▶ [Action item]
Retype the lines of the listing below exactly, but only those from the one containing "2011年に発売して以来、デ" through the last line; pictures stay out.

▶ [Recorded information]
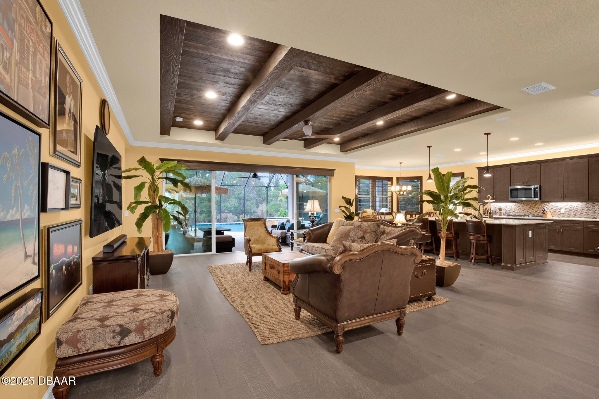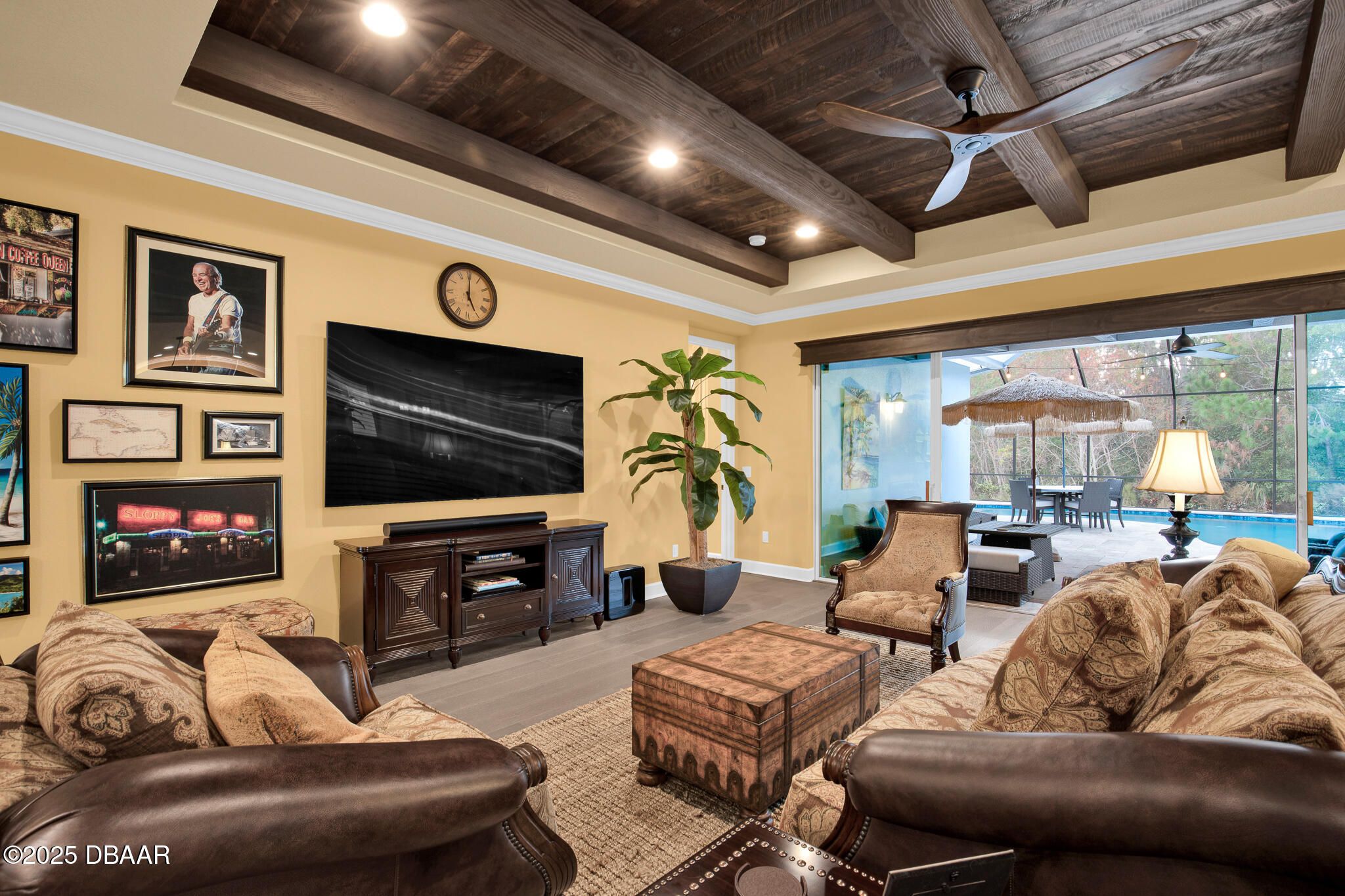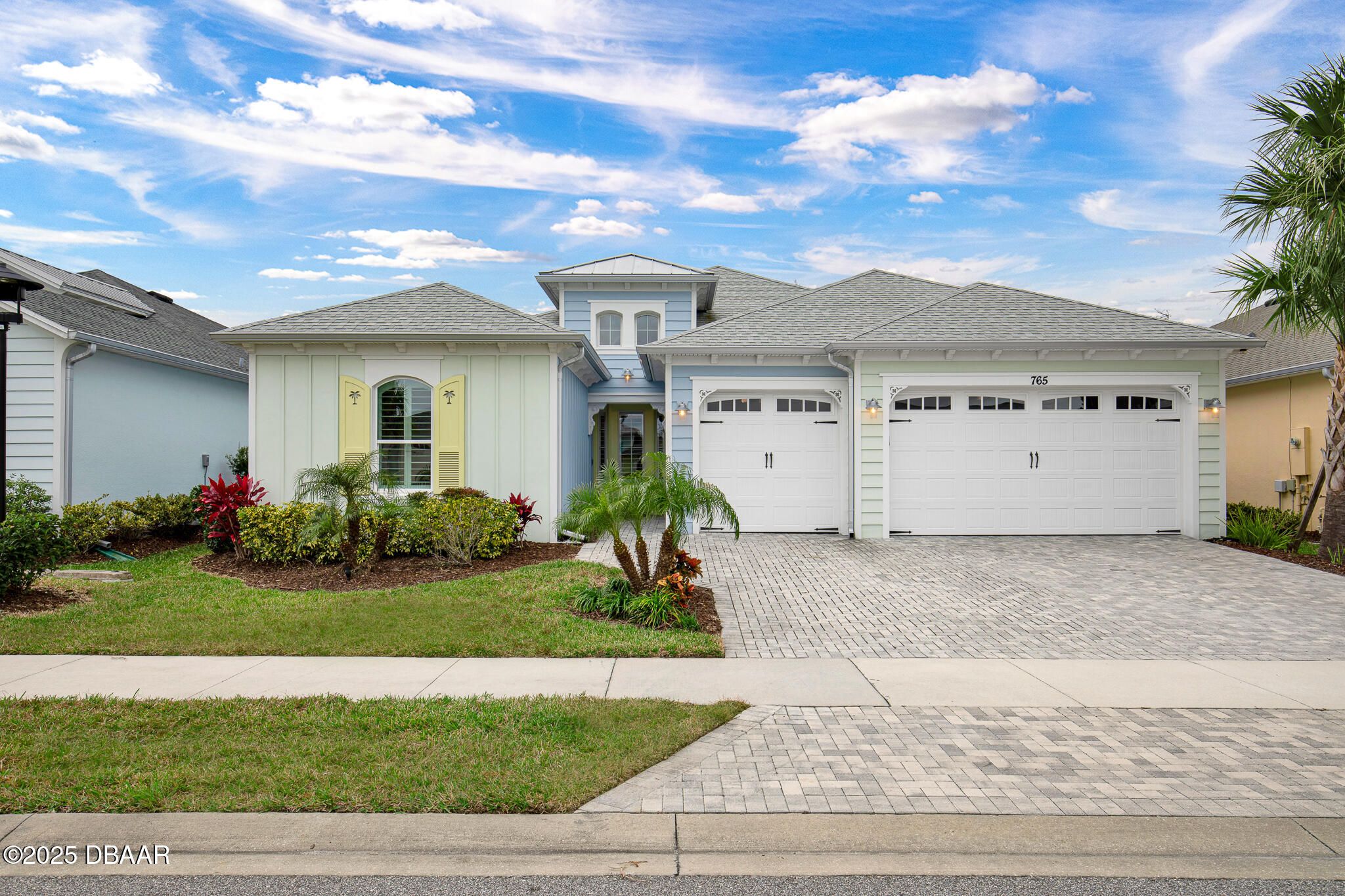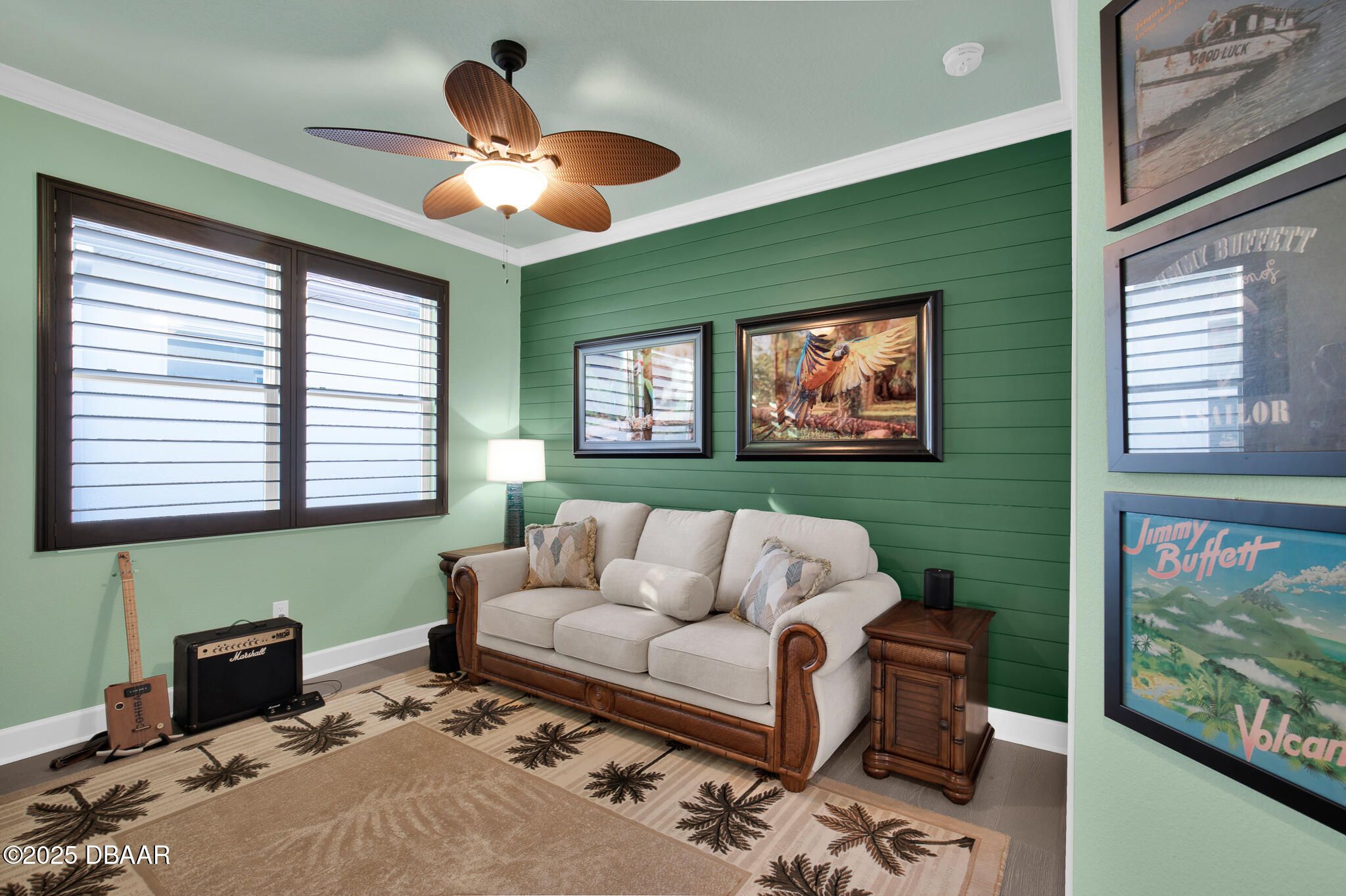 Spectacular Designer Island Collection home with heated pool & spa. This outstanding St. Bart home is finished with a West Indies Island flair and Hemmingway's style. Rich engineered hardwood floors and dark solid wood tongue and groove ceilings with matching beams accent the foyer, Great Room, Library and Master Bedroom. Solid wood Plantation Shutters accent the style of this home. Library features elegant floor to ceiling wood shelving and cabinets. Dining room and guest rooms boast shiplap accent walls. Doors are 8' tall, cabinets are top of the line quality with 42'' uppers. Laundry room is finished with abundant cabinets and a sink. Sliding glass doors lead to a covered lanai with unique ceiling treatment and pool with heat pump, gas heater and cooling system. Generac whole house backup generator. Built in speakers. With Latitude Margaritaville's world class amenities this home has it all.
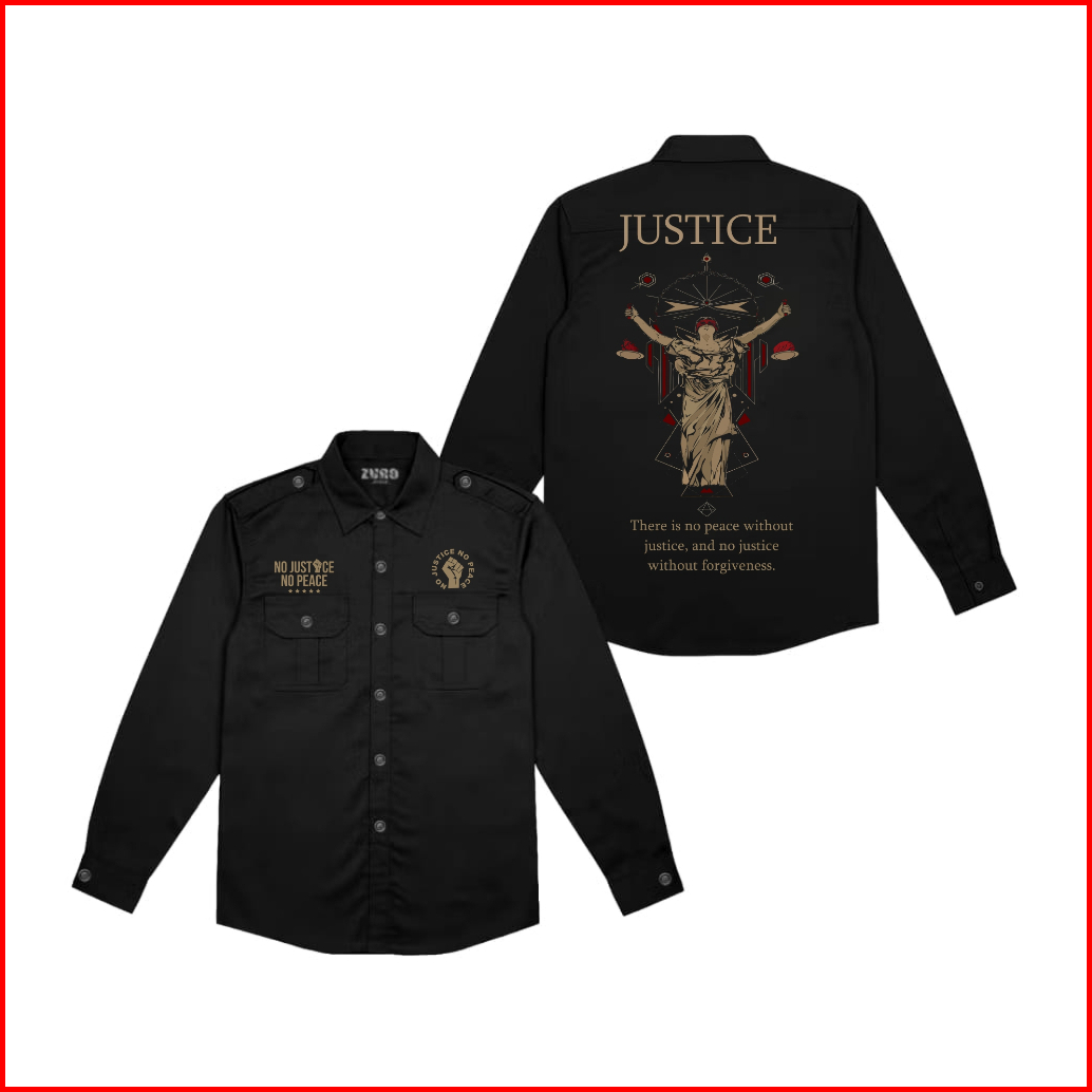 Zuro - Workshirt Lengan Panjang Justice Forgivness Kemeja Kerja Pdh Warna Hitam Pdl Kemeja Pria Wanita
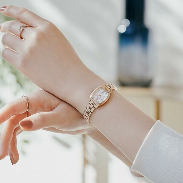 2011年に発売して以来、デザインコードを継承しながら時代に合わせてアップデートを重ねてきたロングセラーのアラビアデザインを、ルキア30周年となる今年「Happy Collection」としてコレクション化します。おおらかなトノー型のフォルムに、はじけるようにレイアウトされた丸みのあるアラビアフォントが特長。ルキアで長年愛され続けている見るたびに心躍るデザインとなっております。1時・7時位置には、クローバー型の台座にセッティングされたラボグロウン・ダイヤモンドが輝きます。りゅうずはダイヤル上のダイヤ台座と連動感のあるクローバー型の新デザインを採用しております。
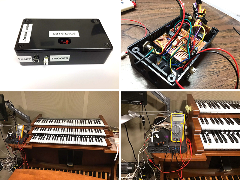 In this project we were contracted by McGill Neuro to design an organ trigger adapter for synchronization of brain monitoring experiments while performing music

▶ [Solution to the exercise]
 2011年に発売して以来、デザインコードを継承しながら時代に合わせてアップデートを重ねてきたロングセラーのアラビアデザインを、ルキア30周年となる今年「Happy Collection」としてコレクション化します。おおらかなトノー型のフォルムに、はじけるようにレイアウトされた丸みのあるアラビアフォントが特長。ルキアで長年愛され続けている見るたびに心躍るデザインとなっております。1時・7時位置には、クローバー型の台座にセッティングされたラボグロウン・ダイヤモンドが輝きます。りゅうずはダイヤル上のダイヤ台座と連動感のあるクローバー型の新デザインを採用しております。
 In this project we were contracted by McGill Neuro to design an organ trigger adapter for synchronization of brain monitoring experiments while performing music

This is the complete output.